Circus performers don’t know how to walk a tightrope the first time they step onto the line. It takes years of trial and error, stepping clumsily onto wooden beams, and then taught ropes a foot off the ground, before graduating to a practice line hung over safety nets which they only traverse while wearing a harness. It’s a difficult thing to do, this balancing act, and everyone falls down the first several times they try.
“In real life, the gators would eat you up!” Rope Walk Artist by Heinrich Kley circa 1910-1920
Managing a career as a writer with anything else in your life is just as difficult. Have a day job? You have to go to that, you have to make money to pay your bills, but at the same time, that’s hours out of your day that you can’t write. Maybe you have a child you care for, instead of working, or as well as working outside of the home, and his needs take up your time. Sleeping, eating, reading, watching television, traveling to and from work or anywhere else, socializing, having sex … all of these things, as good and valuable as they are, taking time away from writing. Once you lose that time, you’re never getting it back, right?
Well, actually, you kind of do, because those other things make it so you can write at all. The parts of your life that aren’t writing give you something to write about. They entertain and relax you so that you can focus on the words. They make your life comfortable so you can focus on other areas (like your writing), and they distract your fore-brain so your back-brain can ruminate on your latest work. We need relationships too, people to share our successes with … because otherwise our stories become secrets told into a vacuum, and then what’s the point? Writing is so hard and so lonely that we need someone to love us who understands.
Those jobs, friends, and lovers provide us with that safety net for the days writing makes us feel like we’re falling from a great height. But if we linger too long with our distractions, we don’t get any writing done at all. Then we’re miserable and unfulfilled. The light of all that is good in our lives starts to fade. We can’t see what’s beautiful outside of us when we hate what’s inside of us, and it’s easy to hate yourself when you’re failing to produce the one thing you think you’re mean to create. So what do you do? Do you quit writing, and regret that the rest of your life? Do you quit your job?
Most people can’t afford that. What about letting go of your relationships to focus on words instead? You’ll have more time, but you won’t have recognition of your work by someone who saw what you put into it.
The only way to have a life you can look back on without regret is to find a way to balance it all. You have to sit down and think about what you need, and what makes you happy (I promise that you will need happiness, too). It helps to take a look at how much time you spend on those things now. Some of that isn’t going to be negotiable – your job probably has set hours, or your child is only in school during a certain part of the day. That’s the frame that you have to build your writing schedule around.
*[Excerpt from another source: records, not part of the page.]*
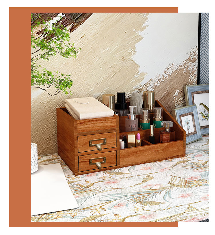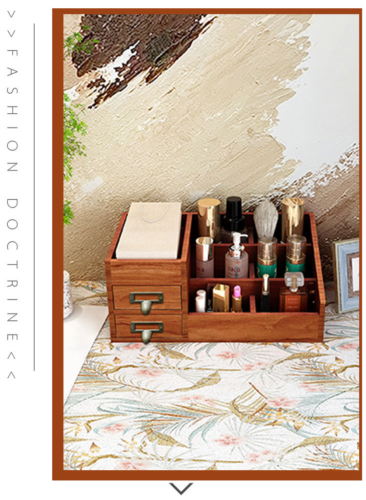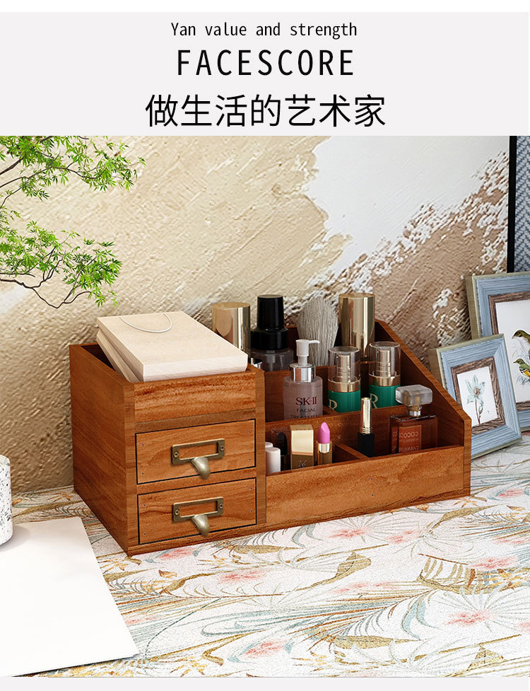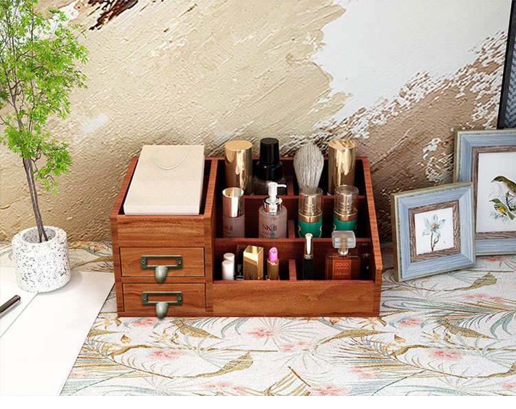 데스크탑 보관함 나무 빈티지 화장대 향수 화장품 보관 랙 책상 테이블 컵 단단한 나무 캐비닛
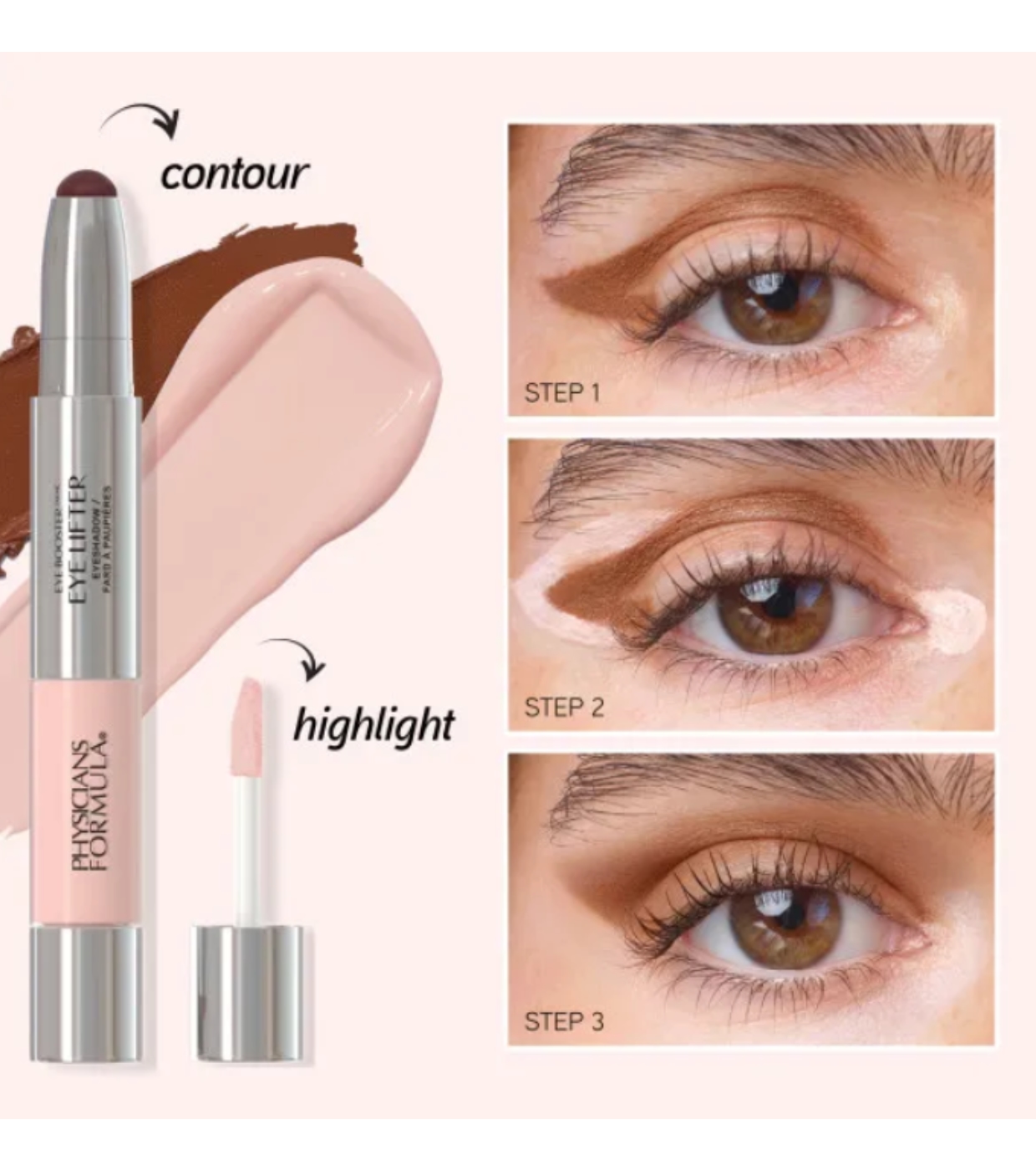 Con tonos universalmente favorecedores, este Duo de sombra de ojos Eye Lifter de Physicians Formula combina una textura de crema sedosa para dar profundidad y definición, mientras que la sombra líquida ilumina y aporta brillo a la mirada.
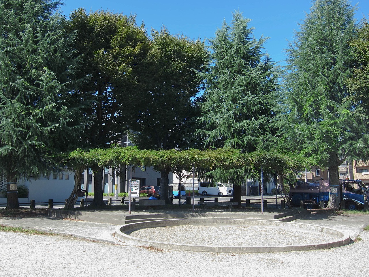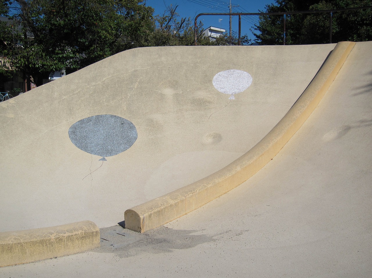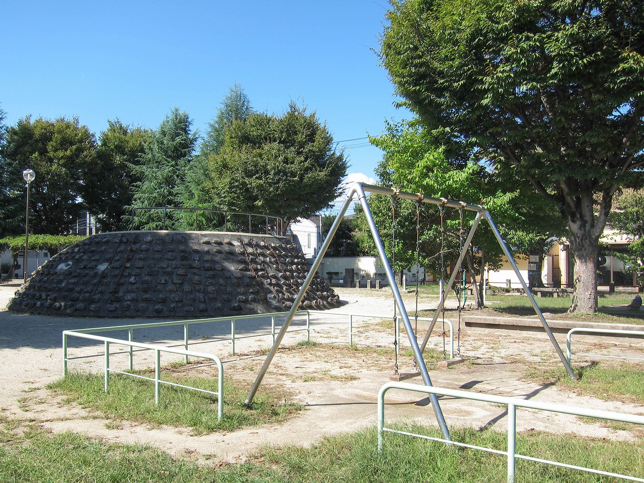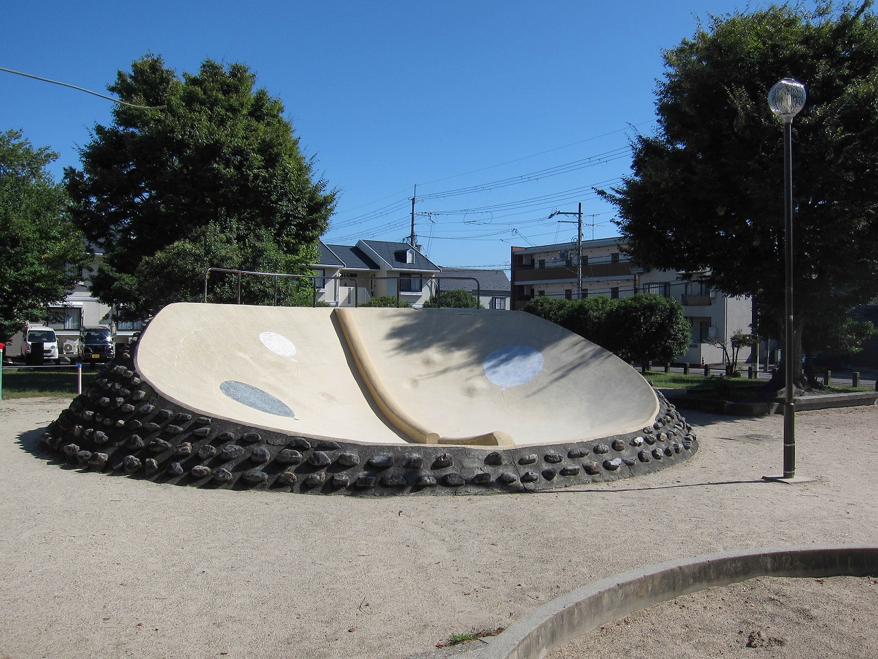 府立植物園の北東にある、1968年設置の公園です。 動物の象形遊具はかなり小さいもので、3つともおそらく形は同じで、3種類の動物にみえるように表面が塗装されています。小さい子がまたぐのに良いサイズなのか、3~6歳用との表記があります。 皿型遊具があり、ここの特徴としては、3つの風船の絵が描かれていること、中央が手すりのようなもので区切られていること、やや高めのところに凹凸がいくつかあること、が挙げられます。 ![]() ブランコは2013年頃までは北東の位置にありましたが、現在の位置に移転しました。その跡地に2013~2014年頃に象形遊具が置かれています。また南西の隅のほうに「枠だけの遊具」(中堂寺公園と同じもの)がありましたが、2009~2013年頃に撤去されています。

Next is the part where you have to make decisions about how little time you can spend on things that aren’t writing. Maybe you can cut down on your television watching time. A movie a week plus your two favorite shows will total about four hours of time, that, spread out over three days isn’t too much time to spend unwinding, especially if your day job is stressful. Talk to the people in your life about supporting you by letting you spend less (but not none!) time with them each week. Ask your boyfriend nicely and he might agree to one weekly dinner and one weekend night together for a few months, instead of every night. Instead of going out with friends every Friday, alternate a fun night out with a night alone with your notes.
There is another way to save time: multitasking. Schedule blocks of time where you can easily get two things done at once, and that frees up time to write. You can take the bus to work instead of driving, and use that time to read instead. You can cook dinner and pack the next day’s lunch at the same time. Listen to a writing-related podcast during your morning run instead of your usual mix. Eat lunch at your desk so that your lunch break can be spent scribbling down ideas. Date a fellow writer, so that your time together can be spent snuggled up, writing – or reading – together.
The last way to free up time to write is to let the other people in your life help you. Ask your girlfriend do the laundry or go grocery shopping so you have another hour to write. Let your dad take your daughter to her after school activity once a week. Asking for assistance doesn’t mean you can’t do it by yourself, it means you’re smart enough to know you don’t have to.
It isn’t easy. It takes time to find a schedule that works for you. You’ll push too hard in one direction or the other, going back and forth, before you find your center. You’ll have times where you don’t write at all because the rest of your life seems overwhelming, and other times where you’ll push out the world to get some peace and time to write, which ends up with you doing all the work of keeping your life going alone. Neither of those things is the right answer in the long run, but as long as you keep trying to find your balance, keep getting back up on that high wire, you’ll make it across into a life you’re proud to be living.